Using Transformers to Predict Incredibly Rare Solar Flares

0 2 7 minutes read

Using Transformers to Predict Incredibly Rare Solar Flares

Introduction (X-45)

predictions change dramatically whenever we try to predict a very rare event. We have to fundamentally change what we are simulating to focus on tail events. From model performance metrics and target definition to tail modeling and converter output heads, prediction of abnormal events is difficult. It's hard but worth it.

The Halloween storms of 2003 began as disturbances in the Sun, a single dark spot that formed one of the most intense weather events of the satellite era. In late October to early November, a series of large active regions circled the solar disk. This released powerful flares and clouds of magnetized plasma towards Earth. This event presented a unique beauty with the influence of radio waves.

Satellites malfunctioned, GPS and radios were disrupted, and airlines had to reroute flights from hot spots. According to NOAA, power grids around the world were affected, and some currents exceeded 100 amps, leading to the Malmö Blackout in Sweden. At 20:07 UT, a power outage hit the region, leaving an estimated 50,000 customers without power for 20 to 50 minutes.

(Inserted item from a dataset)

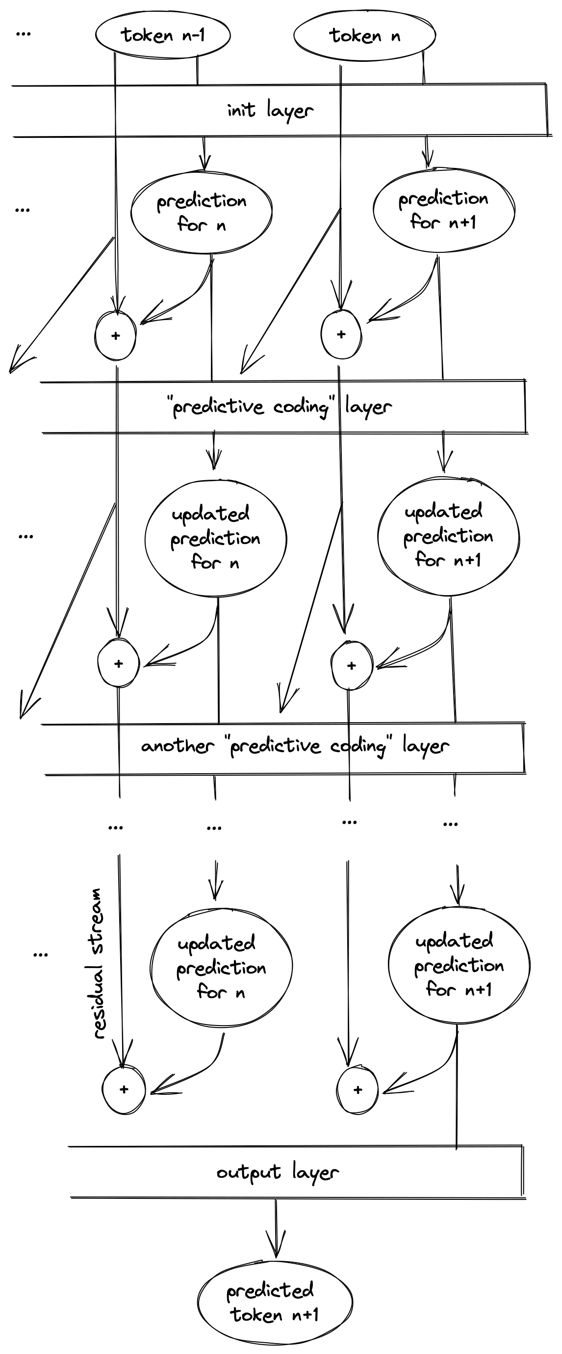 The initial layer predicts token from token for all tokens. The job of each "predictive coding" layer would be to read all the true tokens and predictions from the residual streams, find the error between the prediction and the ground truth, then make a uniform update to all tokens to correct those errors. As in the dual form of gradient descent, where updating all the training data to be closer to a random model also allows you to update a test output to be closer to the output of a trained model, updating all the predicted tokens uniformly also moves prediction closer to the true token . At the end, an output layer reads the prediction for out of the latent stream of token .

The Sun is bursting with powerful magnetic activity, its corona glowing in excess ultraviolet light as active light regions and a powerful arc of burning organ above the sun's surface..
Photo credit: NASA / Solar Dynamics Observatory (SDO) / AIA. Public domain

An international shock, the event overwhelmed the X-ray sensors of GOES, so the true size of the flare can only be calculated by reconstruction. It is often called X-45, after its size, 450 times larger than M-1, medium aperture. The table below shows the Flare Richter Scale.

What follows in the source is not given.